Manusia selalu hidup dengan keinginan dan angan-angan. Darinya, muncul semangat untuk meraih apa yang diangan-angankan itu.

Selama semangat meraih impian itu berada dalam koridor yang benar, maka di sana terkandung banyak kebaikan.

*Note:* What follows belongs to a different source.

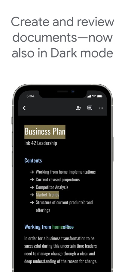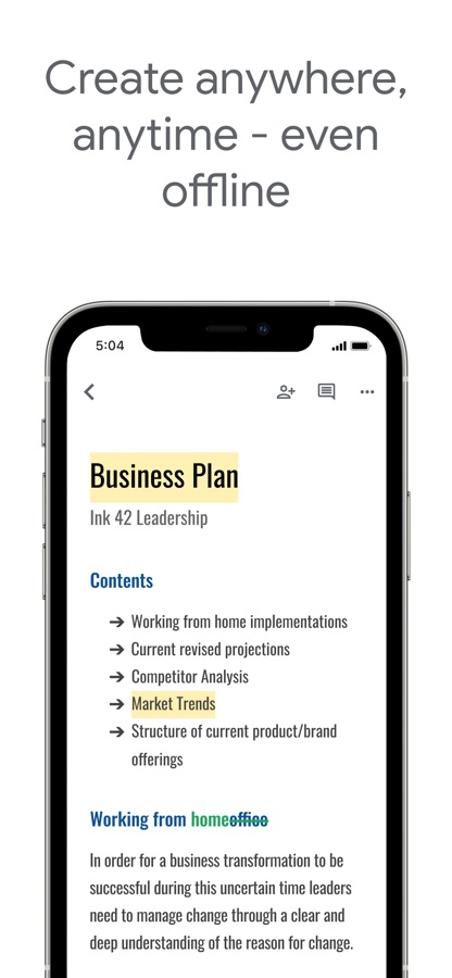 • Создавайте структуры документов, записи блога, резюме встреч и многое другое прямо на мобильном устройстве.

Bukankah yang menjadi pembeda antara kita dengan malaikat, yang menjadi salah satu alasan mengapa kita didapuk sebagai khalifah di muka bumi, adalah karena kita dikaruniai hasrat untuk terus menerus mengikhtiarkan kehidupan yang lebih baik?

Malaikat memiliki ketaatan, tapi ia tidak dibekali hasrat (syahwat) dalam urusan-urusan duniawi. Maka malaikat tak cocok diamanahi dunia.

Binatang memiliki syahwat. Tapi akal tidak punya.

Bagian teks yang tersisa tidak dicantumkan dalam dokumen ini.